> _DATA EXCERPT_:
------

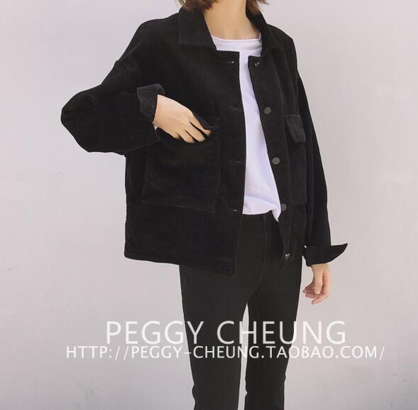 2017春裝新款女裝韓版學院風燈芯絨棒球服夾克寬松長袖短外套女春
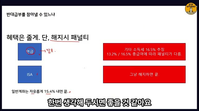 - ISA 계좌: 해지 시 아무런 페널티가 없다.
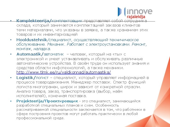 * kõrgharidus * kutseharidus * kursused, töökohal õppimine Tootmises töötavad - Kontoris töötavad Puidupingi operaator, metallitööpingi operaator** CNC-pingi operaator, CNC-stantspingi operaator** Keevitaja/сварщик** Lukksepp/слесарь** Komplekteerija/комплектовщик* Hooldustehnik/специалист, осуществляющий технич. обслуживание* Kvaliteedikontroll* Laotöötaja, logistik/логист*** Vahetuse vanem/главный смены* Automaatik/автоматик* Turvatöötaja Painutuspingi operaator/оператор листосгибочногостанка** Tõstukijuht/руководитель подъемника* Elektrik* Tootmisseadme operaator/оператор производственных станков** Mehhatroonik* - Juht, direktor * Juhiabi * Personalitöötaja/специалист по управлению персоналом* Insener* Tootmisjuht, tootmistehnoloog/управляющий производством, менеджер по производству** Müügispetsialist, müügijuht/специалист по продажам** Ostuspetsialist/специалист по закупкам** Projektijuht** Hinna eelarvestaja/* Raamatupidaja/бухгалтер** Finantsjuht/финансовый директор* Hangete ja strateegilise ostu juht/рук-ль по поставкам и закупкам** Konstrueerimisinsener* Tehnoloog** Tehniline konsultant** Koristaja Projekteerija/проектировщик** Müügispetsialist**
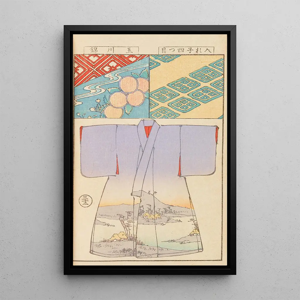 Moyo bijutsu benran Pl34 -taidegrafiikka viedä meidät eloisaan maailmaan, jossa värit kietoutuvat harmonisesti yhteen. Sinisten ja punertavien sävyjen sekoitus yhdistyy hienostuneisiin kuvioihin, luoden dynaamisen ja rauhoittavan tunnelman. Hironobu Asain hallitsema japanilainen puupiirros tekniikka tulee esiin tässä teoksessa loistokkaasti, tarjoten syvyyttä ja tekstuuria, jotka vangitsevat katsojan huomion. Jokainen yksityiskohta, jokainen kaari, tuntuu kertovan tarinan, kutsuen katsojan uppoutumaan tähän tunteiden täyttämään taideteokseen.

------

> _ACTION ITEM_: Keep the pictures out and repeat exactly the lines from the beginning of the data through the line that contains "Koristaja Projekteerija/проектировщик** Müügispetsialist**", both ends included.

> _EXERCISE RESPONSE_:
 2017春裝新款女裝韓版學院風燈芯絨棒球服夾克寬松長袖短外套女春
 - ISA 계좌: 해지 시 아무런 페널티가 없다.
 * kõrgharidus * kutseharidus * kursused, töökohal õppimine Tootmises töötavad - Kontoris töötavad Puidupingi operaator, metallitööpingi operaator** CNC-pingi operaator, CNC-stantspingi operaator** Keevitaja/сварщик** Lukksepp/слесарь** Komplekteerija/комплектовщик* Hooldustehnik/специалист, осуществляющий технич. обслуживание* Kvaliteedikontroll* Laotöötaja, logistik/логист*** Vahetuse vanem/главный смены* Automaatik/автоматик* Turvatöötaja Painutuspingi operaator/оператор листосгибочногостанка** Tõstukijuht/руководитель подъемника* Elektrik* Tootmisseadme operaator/оператор производственных станков** Mehhatroonik* - Juht, direktor * Juhiabi * Personalitöötaja/специалист по управлению персоналом* Insener* Tootmisjuht, tootmistehnoloog/управляющий производством, менеджер по производству** Müügispetsialist, müügijuht/специалист по продажам** Ostuspetsialist/специалист по закупкам** Projektijuht** Hinna eelarvestaja/* Raamatupidaja/бухгалтер** Finantsjuht/финансовый директор* Hangete ja strateegilise ostu juht/рук-ль по поставкам и закупкам** Konstrueerimisinsener* Tehnoloog** Tehniline konsultant** Koristaja Projekteerija/проектировщик** Müügispetsialist**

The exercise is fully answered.